More of a joint thing, if that makes sense. With traditional body building, my elbow is happy with curling with 10kg each, my lower spine or hip is less happy with deadlifting 100kg. Can joints become inflamed?
It sounds to me that your problem is very likely to be bad form. In the majority of cases that is the problem. I am a regular “work-outer” myself (and my current goal is a master´s degree in cellbiology in case that matters) and I notice that most people seem to have bad form when they deadlift. But 100 kg sounds like an odd number to have problems with. If I knew you gender, weight and age I could perhaps give better advice. Try arch your back some more and learn about the correct form.
Deadlifting and other compound exercises take much energy and put alot of pressure on your body, especially if you´re not physically active in your work, so make sure you rest enough and don´t exercise too long at a time.

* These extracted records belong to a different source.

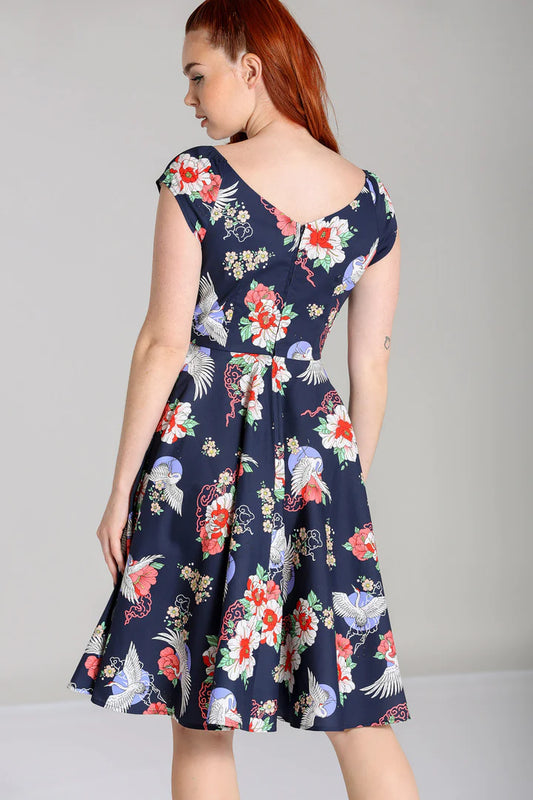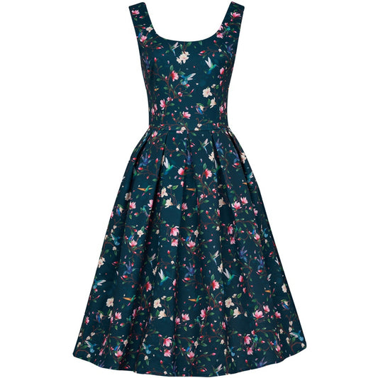 Amanda Swing Dress in Navy Blue Hummingbird Print by Dolly & Dotty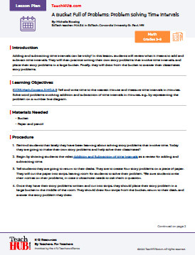 Adding and subtracting time intervals can be tricky! In this lesson, students will review what it means to add and subtract time intervals. They will then practice writing their own story problems that involve time intervals, and place their story problems in a large bucket. Finally, they will draw from the bucket to answer their classmates story problems.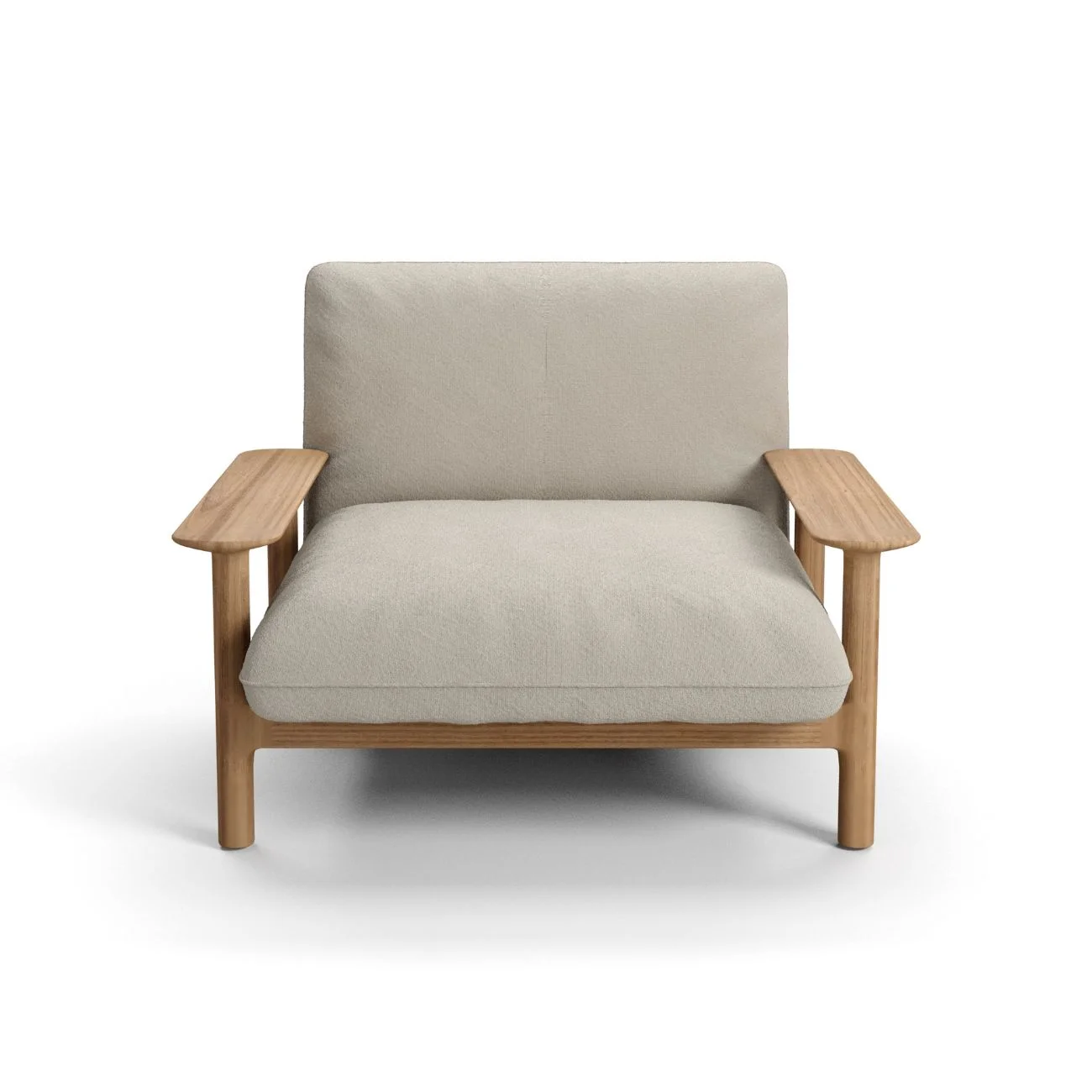 The Maddalena 1-seater lounge chair is available in full teak or with an aluminum base and teak armrests. Its sleek design and comfortable seating make it an ideal choice for both style and relaxation in outdoor spaces. Perfect for a modern lounge setup.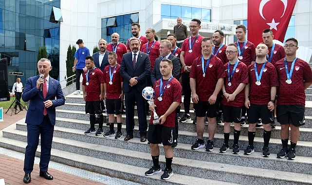 Down Sendromlular Avrupa Şampiyonası’nı kazanan Down Sendromlular Özel Futsal Milli Takımı, Avrupa Kupası ile birlikte Büyükşehir’i ziyaret etti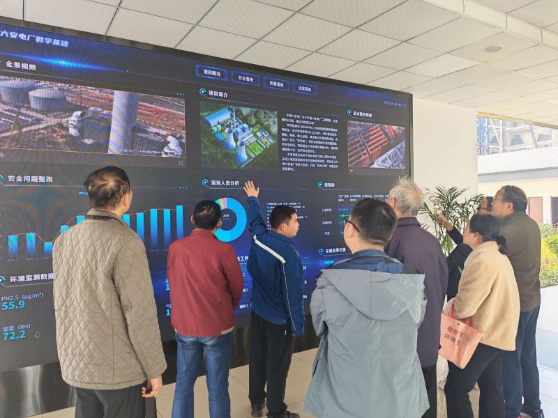 随后,考察组一行抵达中煤六安电厂项目部,详细了解项目整体规划、建设进展与核心成效,重点听取了关于“火电+”新型电力系统的创新实践、技术融合与效能提升路径的介绍,以及在质量管控与安全管理等方面的典型经验。该项目建成后预计年发电量约63亿千瓦时,将有效缓解全省电力供需压力,为我市经济高质量发展注入强劲动力,老同志们对此寄予厚望。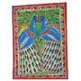 A traditional multi coloured Madhubani painting depicting a peacock couple as a symbol of serenity and peaceful coexistence as perceived by the artist. Only hand made paper cured with cow dung is utilized and is a signature livelihood of the painters of Madhubani, Bihar, India.

M,37, 110 kg, 190 cm, so that is not the issue. Frankly I never understood terms like arching a back or keeping a back straight, I think they are described from how it looks outside not how it feels inside and that is bad. To me a good position to keep the back in is to use the lower abs to pull the lower pelvis forward in order to counter the usual problem of anterior pelvic tilt, and pulling the shoulders back with the rear delts, and relax the upper traps, letting the shoulders fall from being pulled up the ears to downwards. This is what good back posture feels like from the inside. It is possible that this is not enough. I don’t really have any mobility in the upper vertebrae so that must be part of why I have no idea what these terms mean, as when changing my back position I change other things than vertebrae, such as shoulders or hips / pelvis. I think otherwise my form was good, of course I cannot see myself from the outside, but it felt like the same feelings as how it was described in articles how it should feel like from the inside: first pushing the heels into the ground, then moving the lower pelvis forward with the lower abs and glutes as if fucking the bar, and this penis-into-bar is the major movement, then just locking out at the top. Then the same thing back down as power lifting is not accepted enough here to just drop it. It would look like showing off.
If you can maintain a tension in the lower back, you have managed the most important thing. The form is very similar to squatting. The only major differences are variations in the actual lift. I am not an expert though. From my experience, I would say that the crucial part of deadlifting is when your legs form 135 degrees. This is where most people fail to maintain a tension and the back starts to crook as far as I have seen.
To answer your question, can joints become inflamed? Yes! But I don´t know if this can happen due to hard exercise.